[Available data]
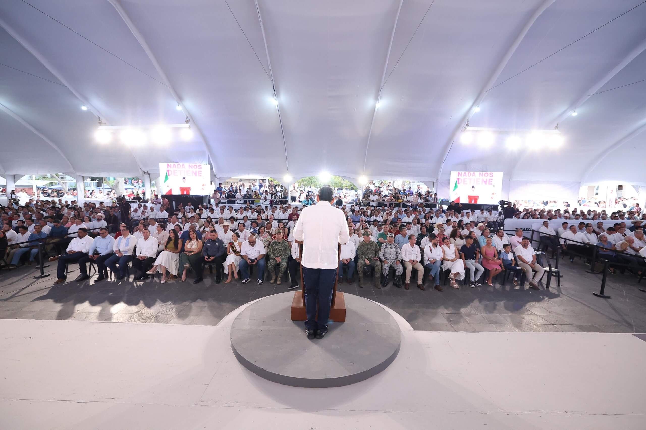 En Tabasco el poder ahora lo tiene el pueblo y con su respaldo la transformación avanza sin desviar su rumbo, sin abandonar a la gente y como un movimiento invencible, que del pensamiento pasa a la acción y de la acción al corazón, afirmó el Gobernador Javier May Rodríguez ante miles de tabasqueñas y tabasqueños que este viernes abarrotaron la histórica Plaza de Armas, en el epicentro de Villahermosa.
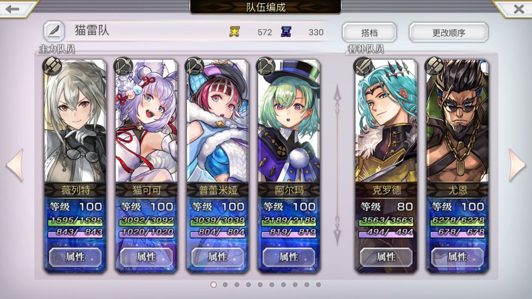 众所周知,猫游不存在一支万能的队伍或一个恒定的公式,尤其是在面对机制千奇百怪的隐王时,更应当随机应变、见招拆招,猫雷队亦是如此。以下是通常情况下,我认为较好的构筑(后续会说明原因),仅供猫友们参考:
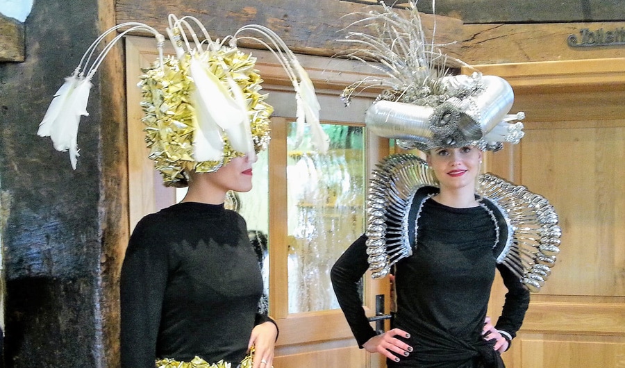 Seit über 30 Jahren fertigt Gisela Schlotmann Hutkreationen aus außergewöhnlichen Materialien an und konnte damit schon bei vielen Veranstaltungen überzeugen. Ausschließlich recycelten Materialien, wie beispielsweise Silikontüllen, Eierkartons, Obst- und Gemüsenetze, Verpackungen allgemein, Bierdeckel, alte Tennisbälle und vieles andere, kommt bei den individuellen Hutkreationen zum Einsatz. Viele neue Kreationen, fantastische Hüte, überwiegend aus Verpackungsmaterialien hergestellt, handwerklich geschickt mit Rohstoffen und Recyclingstücken aus Fertigungsprozessen kombiniert, fanden den Beifall der zahlreichen Besucher.
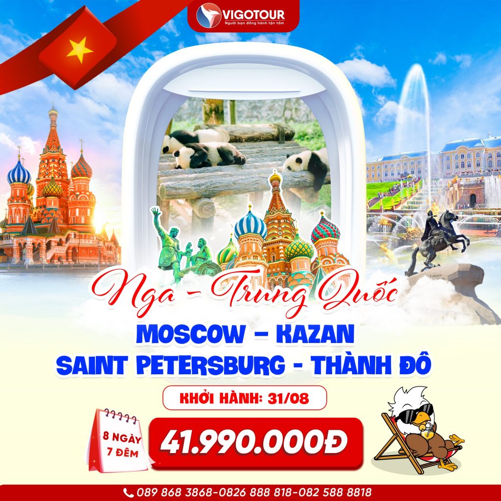 DU LỊCH NGA – TRUNG QUỐC LỄ 02/09 MOSCOW – KAZAN – SAINT PETERSBURG – THÀNH ĐÔ Thời gian: 8 ngày 7 đêm – Khách sạn: 4 sao Hãng hàng không: Sichuan Airline...
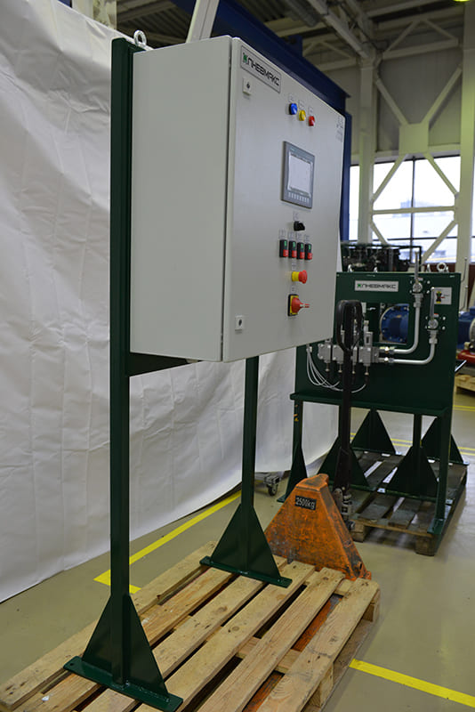 - На гидростанции установлены все необходимые датчики для контроля работы и обеспечения безопасности оборудования: контроль давления, максимальной температуры, опасного и аварийного уровня рабочей жидкости в баке, состояние фильтрующего элемента.
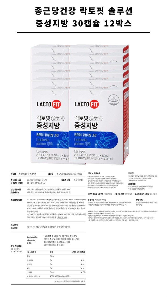 Chong Kun Dang Health Lactofit Solution Neutral Fat 30 Capsules 12 Boxes / 종근당건강 락토핏 솔루션 중성지방 30캡슐 12박스
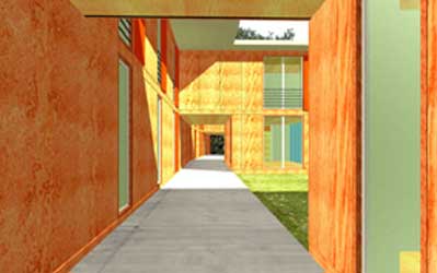 Westen. Die angedockten Nord-Ost-Süd ausge-richteten Atelierhäuser
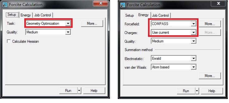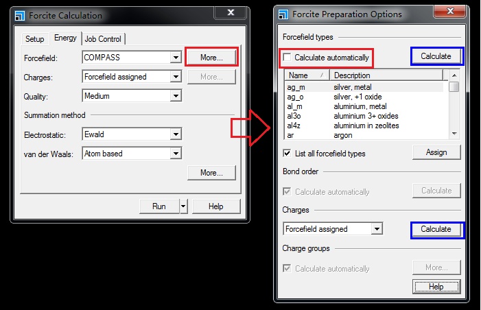 Step 2: Ensure TiO2 cell document active. Open Forcite Calculation-->Energy tab, then choose "Forcefield" as "COMPASS" (you can also choose "COMPASSII" , or "COMPASSIII", any one is OK). And then, Click the "More..." button to open "Forcite Preparation Options dialog" dialog. Uncheck "Calculate automatically", then click the two "Calculate" buttons to set force field types and charges (See attached figure 1). Close all opened dialog.
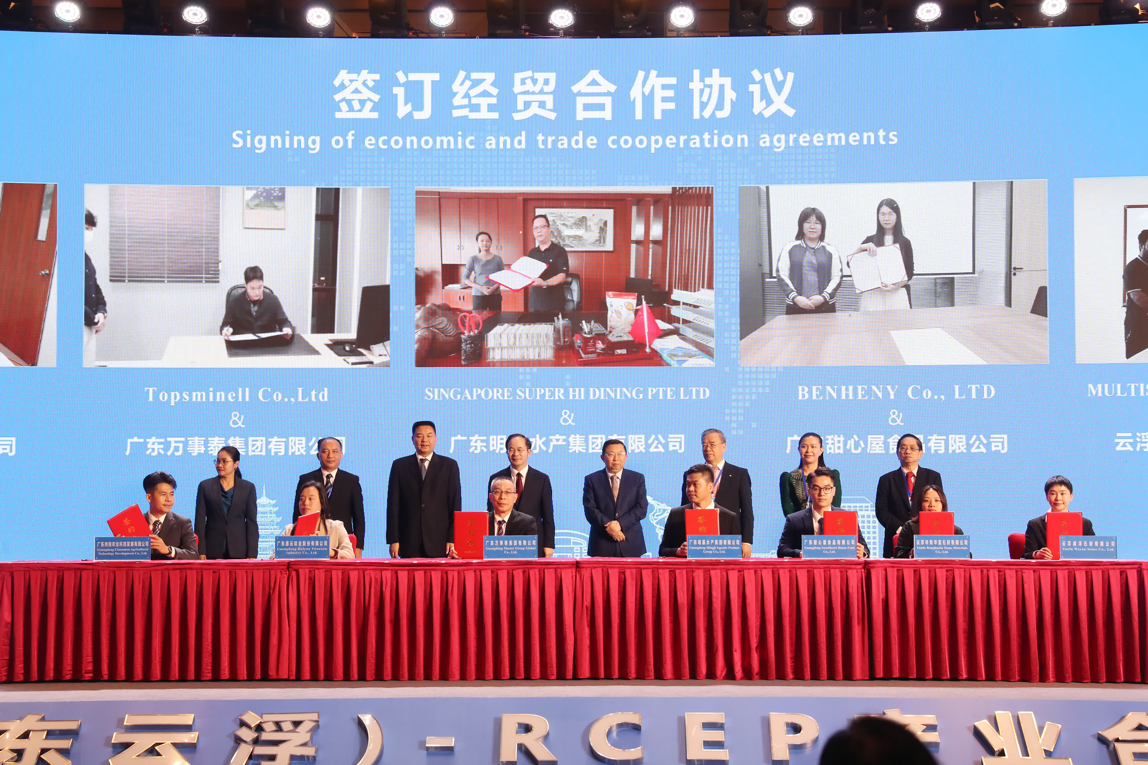 大會期間,雲浮企業還與RCEP成員國有關企業簽訂經貿合作協議。此次簽約採用線上線下同步簽約的方式,包括馬來西亞、新加坡、韓國、柬埔寨4個國家的7家企業,涵蓋肉桂、化工、不鏽鋼、預製菜、涼果、石材等行業,簽約金額超10億元人民幣。
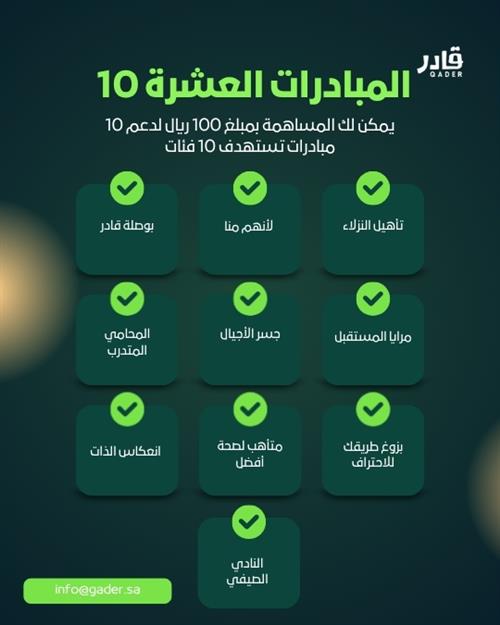 🎯 بطاقة: المبادرات العشر ساهم بسهمك.. وكن شريكًا في صناعة مستقبل 10 فئات شبابية بـ 100 ريال فقط للسهم الواحد، تفتح بابًا للأمل، وتُسهم في دعم 10 مبادرات شبابية نوعية تستهدف: طلاب الجامعات – الباحثين عن عمل – الموهوبين – رواد الأعمال – المتطوعين – التعليم العام– الباحثين عن عمل– قادة الأندية – حديثي التخرج – الفتيات الطموحات. 🧡 كل سهم تقدّمه = فرصة تغيير حقيقية لشاب/ـة يحتاج إلى تمكين وتوجيه. • تقدر تساهم بـ: 🟧 سهم واحد (100 ريال) 🟧 سهمين (200 ريال) 🟧 ثلاثة أسهم وأكثر (كل سهم = أثر جديد) 🌟 لا تنتظر أن تأتي الفرصة للشباب… كن أنت من يصنعها.
[/Available data]
**Work to complete**
What you set down should be exactly the lines from the line containing "Seit über 30" to the last line of the entries above, both included, with no pictures.

**Solution**
 Seit über 30 Jahren fertigt Gisela Schlotmann Hutkreationen aus außergewöhnlichen Materialien an und konnte damit schon bei vielen Veranstaltungen überzeugen. Ausschließlich recycelten Materialien, wie beispielsweise Silikontüllen, Eierkartons, Obst- und Gemüsenetze, Verpackungen allgemein, Bierdeckel, alte Tennisbälle und vieles andere, kommt bei den individuellen Hutkreationen zum Einsatz. Viele neue Kreationen, fantastische Hüte, überwiegend aus Verpackungsmaterialien hergestellt, handwerklich geschickt mit Rohstoffen und Recyclingstücken aus Fertigungsprozessen kombiniert, fanden den Beifall der zahlreichen Besucher.
 DU LỊCH NGA – TRUNG QUỐC LỄ 02/09 MOSCOW – KAZAN – SAINT PETERSBURG – THÀNH ĐÔ Thời gian: 8 ngày 7 đêm – Khách sạn: 4 sao Hãng hàng không: Sichuan Airline...
 - На гидростанции установлены все необходимые датчики для контроля работы и обеспечения безопасности оборудования: контроль давления, максимальной температуры, опасного и аварийного уровня рабочей жидкости в баке, состояние фильтрующего элемента.
 Chong Kun Dang Health Lactofit Solution Neutral Fat 30 Capsules 12 Boxes / 종근당건강 락토핏 솔루션 중성지방 30캡슐 12박스
 Westen. Die angedockten Nord-Ost-Süd ausge-richteten Atelierhäuser
 Step 2: Ensure TiO2 cell document active. Open Forcite Calculation-->Energy tab, then choose "Forcefield" as "COMPASS" (you can also choose "COMPASSII" , or "COMPASSIII", any one is OK). And then, Click the "More..." button to open "Forcite Preparation Options dialog" dialog. Uncheck "Calculate automatically", then click the two "Calculate" buttons to set force field types and charges (See attached figure 1). Close all opened dialog.
 大會期間,雲浮企業還與RCEP成員國有關企業簽訂經貿合作協議。此次簽約採用線上線下同步簽約的方式,包括馬來西亞、新加坡、韓國、柬埔寨4個國家的7家企業,涵蓋肉桂、化工、不鏽鋼、預製菜、涼果、石材等行業,簽約金額超10億元人民幣。
 🎯 بطاقة: المبادرات العشر ساهم بسهمك.. وكن شريكًا في صناعة مستقبل 10 فئات شبابية بـ 100 ريال فقط للسهم الواحد، تفتح بابًا للأمل، وتُسهم في دعم 10 مبادرات شبابية نوعية تستهدف: طلاب الجامعات – الباحثين عن عمل – الموهوبين – رواد الأعمال – المتطوعين – التعليم العام– الباحثين عن عمل– قادة الأندية – حديثي التخرج – الفتيات الطموحات. 🧡 كل سهم تقدّمه = فرصة تغيير حقيقية لشاب/ـة يحتاج إلى تمكين وتوجيه. • تقدر تساهم بـ: 🟧 سهم واحد (100 ريال) 🟧 سهمين (200 ريال) 🟧 ثلاثة أسهم وأكثر (كل سهم = أثر جديد) 🌟 لا تنتظر أن تأتي الفرصة للشباب… كن أنت من يصنعها.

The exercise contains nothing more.